Activity: Please write the listing below out again exactly, leaving every picture behind.

Raw data:
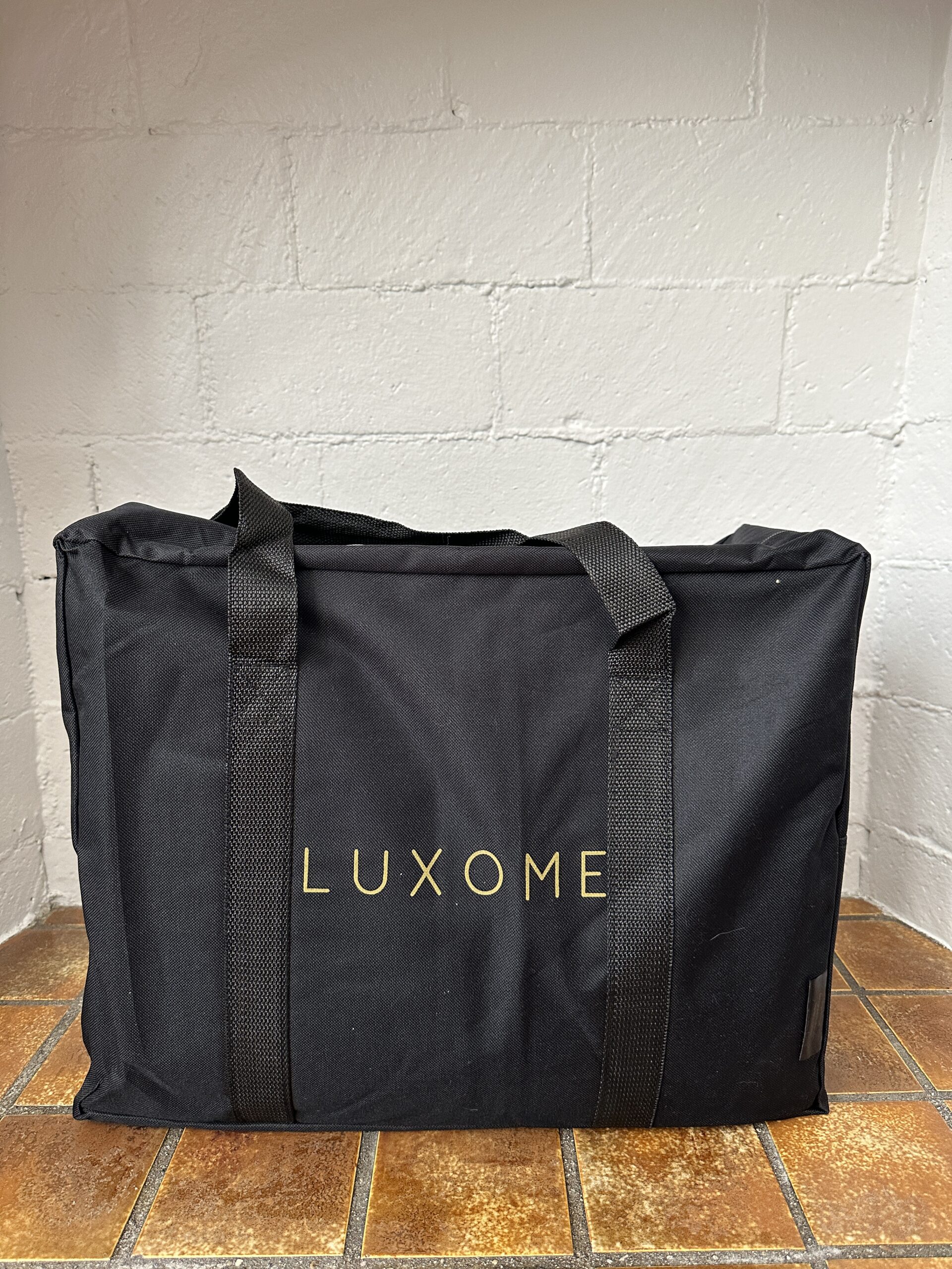 Luxome’s weighted blankets are hypoallergenic and made from high-quality materials and lead-free glass beads. They offer both removable and integrated cover options, as well as a choice of a soft Minky material, bamboo lyocell, or a combination of both. They’re all machine washable and come in a carrying tote. Luxome uses bamboo to make its blankets because it uses less water to grow, regenerates by itself, and does not require fertilizer or pesticides, making it a more environmentally friendly fabric option. For my test, I slept with a 15 lb Bamboo Lyocell and Minky blanket, the one with the removable cover. Of all the blankets I tested, this one was the “fuzziest” material, making it very cozy to cuddle up with in bed and making it one of the warmer options. It was also one of the heavier blankets I tried, even though on paper it was the same weight as several of the other ones. So if you’re looking for deeper pressure or a fuzzy blanket, this is definitely a great choice for you.
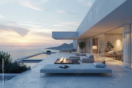 Luxury Seaside Living Room: White Elegance,Oceanview Elegance: White Terrace Retreat,White Living Room Paradise: Seafront Luxury
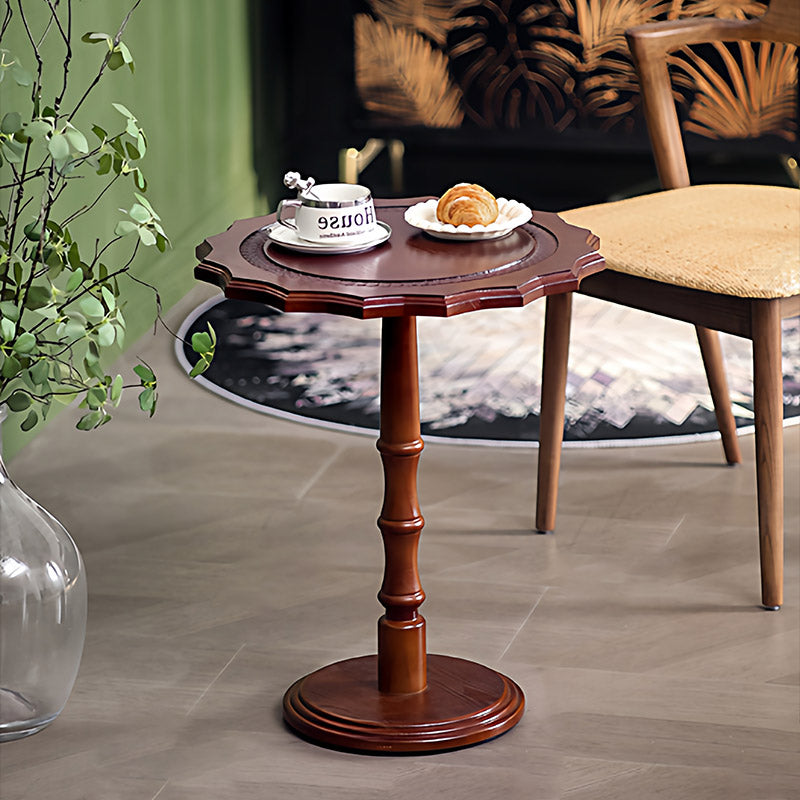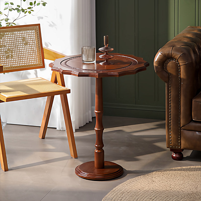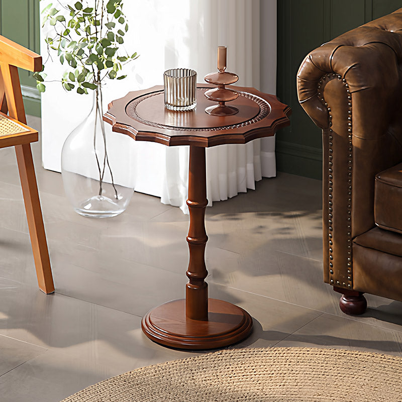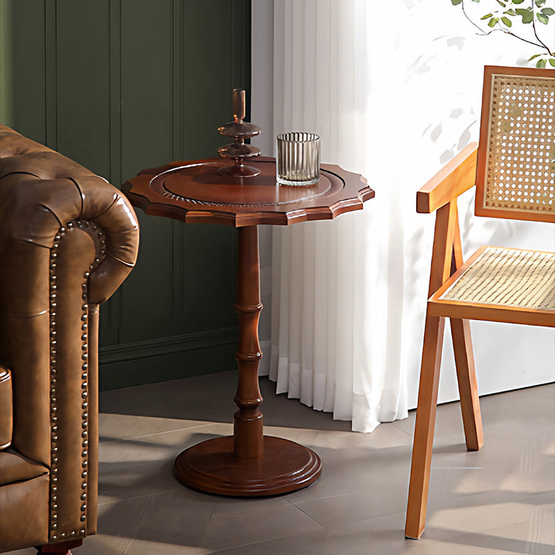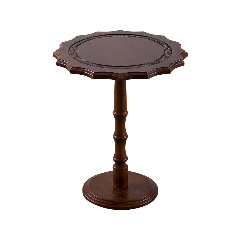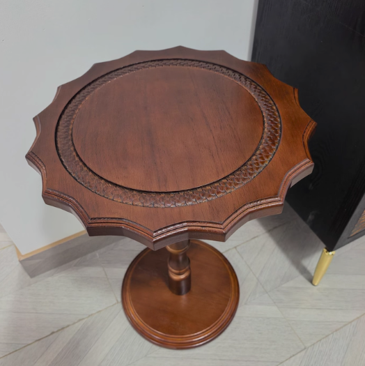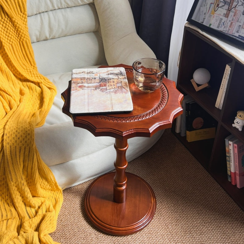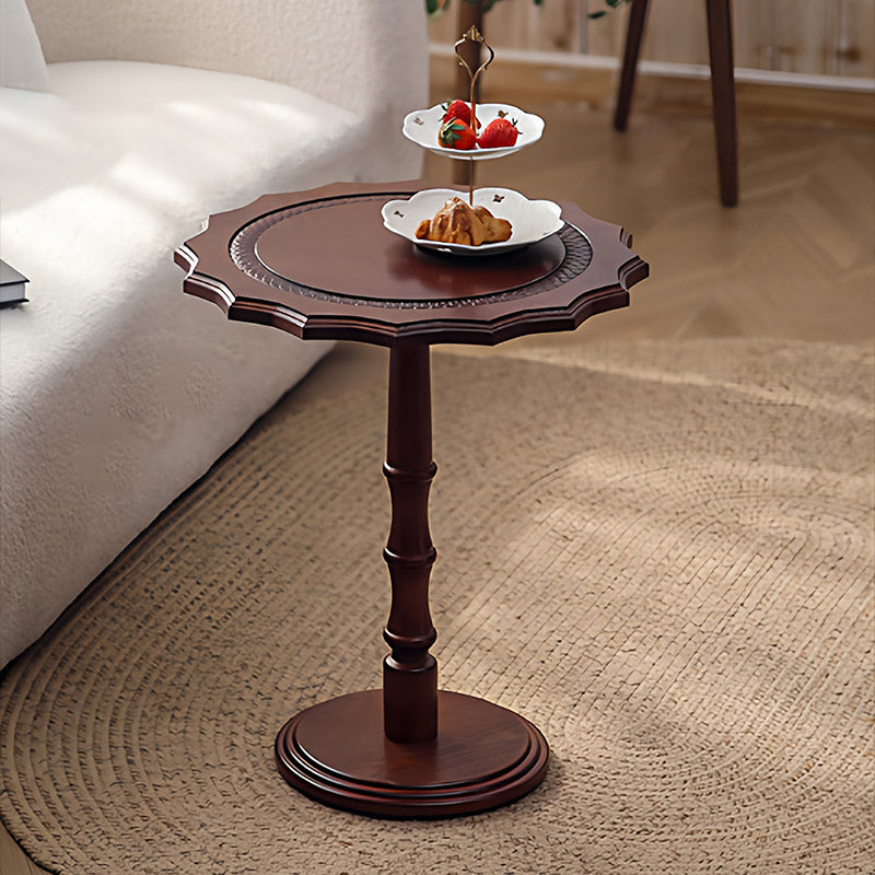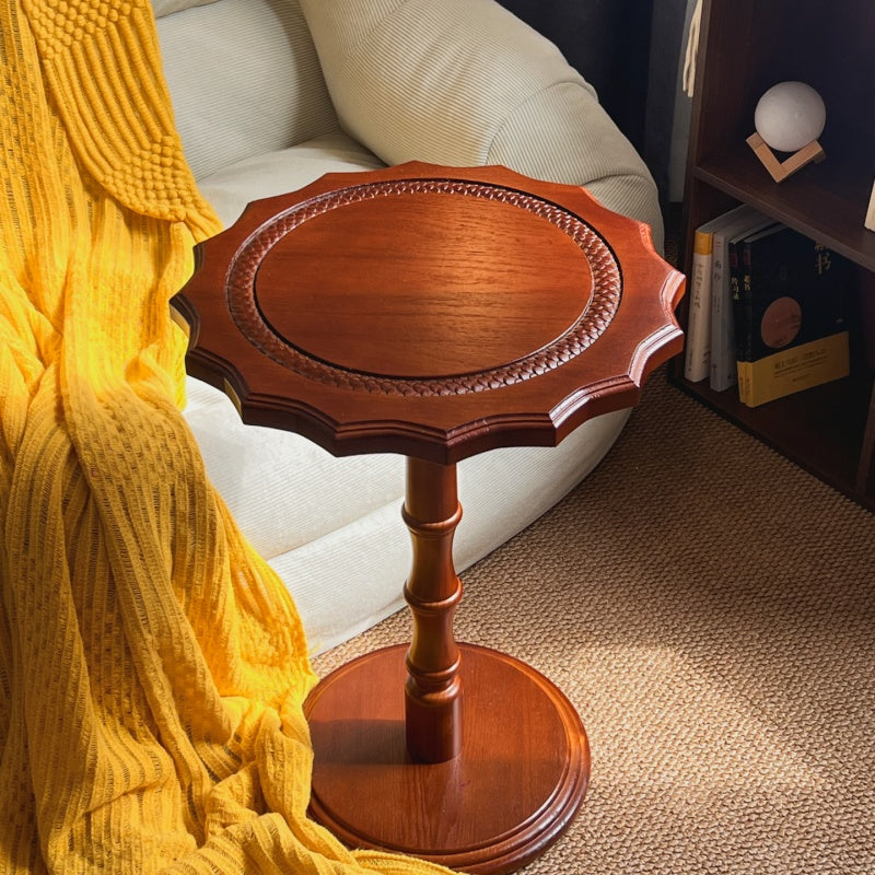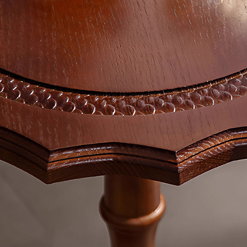 Featuring wavy carved edges and a rich walnut finish, this solid wood accent table with a steel base adds timeless American vintage character while staying sturdy as a sofa side table or small coffee table in the living room.

Answer to the problem:
 Luxome’s weighted blankets are hypoallergenic and made from high-quality materials and lead-free glass beads. They offer both removable and integrated cover options, as well as a choice of a soft Minky material, bamboo lyocell, or a combination of both. They’re all machine washable and come in a carrying tote. Luxome uses bamboo to make its blankets because it uses less water to grow, regenerates by itself, and does not require fertilizer or pesticides, making it a more environmentally friendly fabric option. For my test, I slept with a 15 lb Bamboo Lyocell and Minky blanket, the one with the removable cover. Of all the blankets I tested, this one was the “fuzziest” material, making it very cozy to cuddle up with in bed and making it one of the warmer options. It was also one of the heavier blankets I tried, even though on paper it was the same weight as several of the other ones. So if you’re looking for deeper pressure or a fuzzy blanket, this is definitely a great choice for you.
 Luxury Seaside Living Room: White Elegance,Oceanview Elegance: White Terrace Retreat,White Living Room Paradise: Seafront Luxury
 Featuring wavy carved edges and a rich walnut finish, this solid wood accent table with a steel base adds timeless American vintage character while staying sturdy as a sofa side table or small coffee table in the living room.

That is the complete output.